Creative practice PhD assists ecosanctuary
Creative practice PhD assists ecosanctuary
Architectural Designer Sarosh Mulla graduates this week with the first Doctor of Philosophy in Architecture with Creative Practice Component from the University of Auckland, and the knowledge that he has contributed to one of the country’s ecosanctuaries.
Although doctorates of this type have been undertaken at the University for some time, Sarosh is the first person to graduate with one in Architecture.
A PhD with a creative practice component recognises a creative arts or design output as a contribution towards advancing knowledge in a particular field. This allowed Sarosh to research and build the multi-award winning Longbush Ecosanctuary Welcome Shelter in Gisborne, as part of his degree.
The shelter embodies his written thesis entitled Perception and Projection: Augmenting the relationship between architecture and landscape in New Zealand tourism.
Sarosh’s interest in architecture, landscape and tourism developed after spending three months as a full time tourist travelling throughout Europe and North America immersing himself in diverse architecture and landscapes.
The experience showed him the importance of spatial environments in defining culture.
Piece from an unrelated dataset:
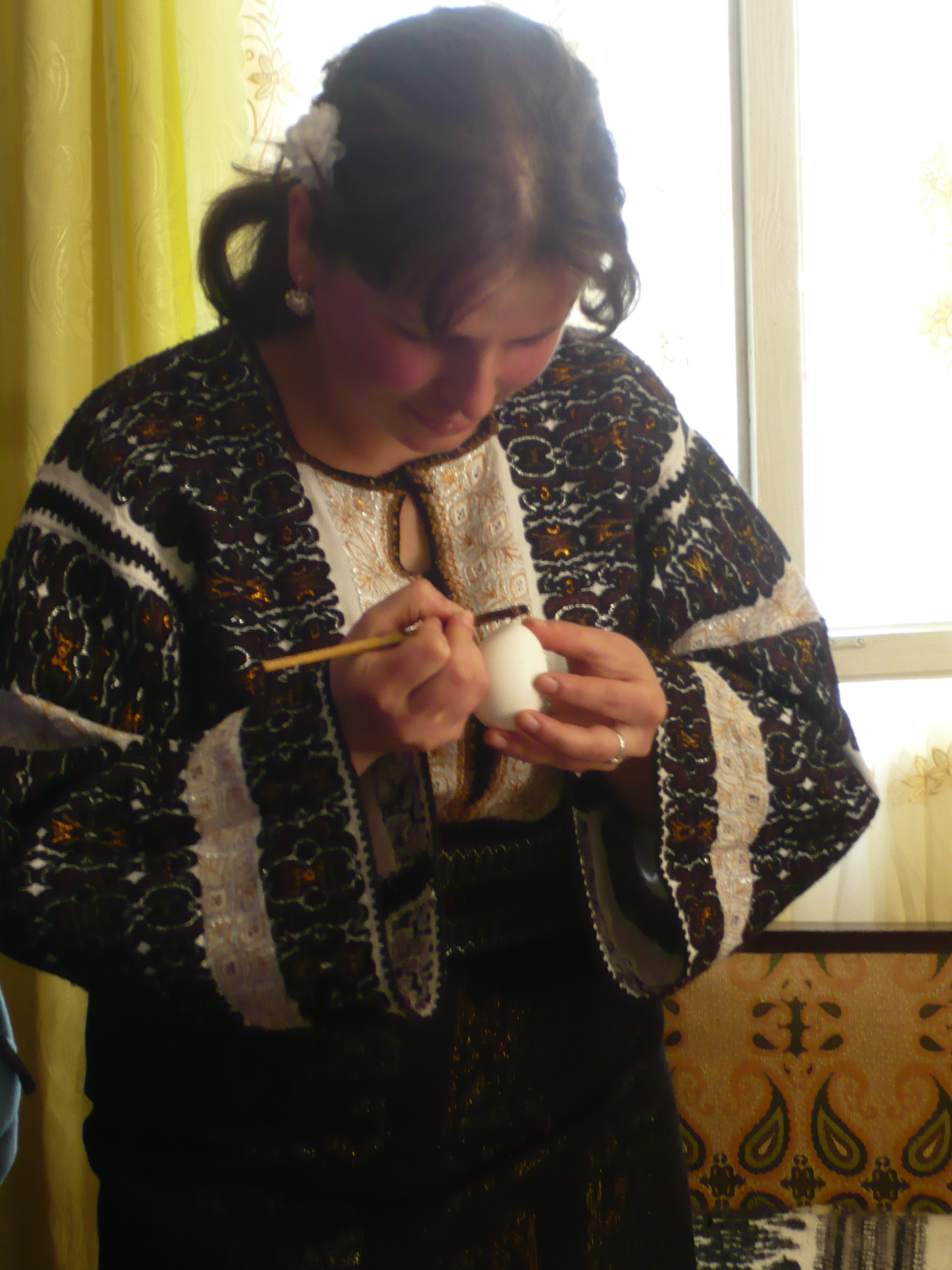 mare pe care trebuia sa o ajute obligat-fortat. Ea ne-a invatat cum sa ne facem de cap cu ceara pentru a face modele pe oua, iar mama sa, Aurelia, ni le-a colorat. Inca o data ni s-a aratat cat de prietenosi sunt oamenii din aceste regiuni.

He also realised that he was by no means alone.
“I was traversing an enormous global infrastructure the likes of which civilisation had not previously known. All of us who travel and seek difference are part of this cultural practice of tourism. It became evident that my interest in architecture and its role in cultural phenomena, like tourism, was of particular importance in the New Zealand context,” he says.
“I asked myself, how are tourism and architecture related in New Zealand? The key to this question I felt was at the intersection of context and culture in New Zealand: the landscape.”
The Longbush Ecosanctuary, which is owned by Jeremy and Dame Anne Salmond, had been opened up to visitors, making it an ideal site for Sarosh’s architectural research and building project.
Constructed by 88 volunteers led by Sarosh, the Welcome Shelter is designed as an environmental education and volunteering facility at the ecosanctuary. Built entirely from donated materials, the shelter is the largest volunteer-constructed piece of public architecture in New Zealand.
Sarosh, who now lecturers at the School of Architecture and Planning as well as running his own architectural practice with Aaron Paterson, says a doctorate with a creative practice component was a perfect way of developing both his design and academic practice.